Senator McCains Pläne gehen weg vom gegenwärtigen arbeitgeberbasierten Krankenversicherungssystem und legen die Betonung auf Auswahlentscheidungen der einzelnen Verbraucher in einem individuellen Markt. Senator Obama will Möglichkeiten des Versicherungsschutzes durch öffentliche Zuschüsse erweitern und öffentliche Krankenversicherungen (health plans) unterstützen. Genauer gesagt, ist es das Ziel von Barack Obama, eine allgemeine Krankenversicherung für alle Amerikaner einzuführen, allerdings ohne allgemeine Versicherungspflicht. Er schlägt vor, dass alle Kinder eine Krankenversicherung haben müssen, und dass Arbeitgeber zu den Kosten der Krankenversicherung ihrer Angestellten beitragen müssen. Für Einzelpersonen und Familien ohne Versicherungsschutz würde die Bundesregierung finanzielle Hilfen anbieten, um sich bei privaten oder neu geplanten gesetzlichen Krankenversicherungen zu versichern.
Um die dadurch neu entstehenden Kosten zu decken, will Senator Obama die Effizienz der Versorgung erhöhen und die Gesamtkosten senken. Mittel dazu sind: verstärkte öffentliche Berichterstattung über die Ergebnisse der Leistungsanbieter, bessere Koordination von Behandlungen, Maßnahmen zum Ausgleich von Ungleichheiten, breiterer Einsatz von Informationstechnik und die Steigerung von Prävention und der Behandlung chronischer Krankheiten.
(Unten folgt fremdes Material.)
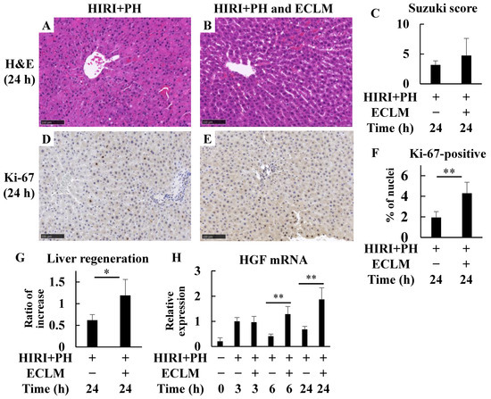 The regeneration of rat livers was investigated 24 h after HIRI+PH treatment. Evaluation of liver injury in the HIRI+PH and ECLM group showed no difference in the Suzuki score compared to the HIRI+PH group (Figure 3C); however, ECLM administration significantly increased the number of Ki-67 positive cells after HIRI+PH treatment (Figure 3F). A summary of the results is provided in Supplementary Table S2. The liver weights in the HIRI+PH and ECLM group were significantly higher than those in the HIRI+PH group (Figure 3G). To evaluate the liver regenerative effects of ECLM on the liver tissues, we assessed continuous changes in hepatocyte growth factor (HGF) mRNA expression levels up to 24 h after treatment. ECLM sustained a significantly higher level of HGF mRNA expression from 6 to 24 h after HIRI+PH treatment (Figure 3H).
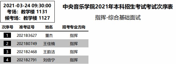 现公布我校指挥系、管弦系、民乐系、声乐歌剧系初试各科目考场次序表(详见附件),考试安排以公布的考场次序表为准,请考生务必下载、核对本人考场次序表,并根据本人考试次序做好时间安排,务必提前候考,以免贻误考试。NPB音乐培训_音乐艺考培训学校-

Die Pläne von Senator McCain konzentrieren sich zunächst auf eine allgemeine Kostendämpfung, um Versicherungsschutz bezahlbarer zu machen. Sein Plan eliminiert die gegenwärtige unbegrenzte Steuerabzugsfähigkeit für arbeitgeberbasierte Versicherungsprämien und ersetzt sie durch eine neue Obergrenze zusammen mit abzugsfähigen Steuerkrediten. Die gegenwärtig nach oben offene Steuerabzugsfähigkeit beläuft sich jährlich auf beinahe 250 Milliarden Dollar, und wird von vielen als regressive Steuerpolitik kritisiert (vor allem wohlhabende Familien mit besserem Versicherungsschutz in höheren Steuerklassen profitieren davon). Gleichzeitig unterstützt eine solche Steuerpolitik weniger effizienten Versicherungsschutz und untergräbt das Interesse von Verbrauchern, die Kosten der Versicherung möglichst niedrig zu halten. Da dieser Ansatz Verbraucher verstärkt auf den individuellen Versicherungsmarkt treibt, schlägt McCain Reformschritte vor, insbesondere für Patienten mit chronischen Krankheiten günstigen Versicherungsschutz zu schaffen. Seine Pläne schließen auch Vorschläge ein, die Versicherung beim Wechsel des Arbeitsplatzes und über Bundesstaatsgrenzen hinweg mitnehmen zu können, und würden einen garantierten Zugang (Guaranteed Access Plan – GAP) zu Krankenversicherungen auch für die Personen aufbauen, die sich bisher nicht versichern konnten.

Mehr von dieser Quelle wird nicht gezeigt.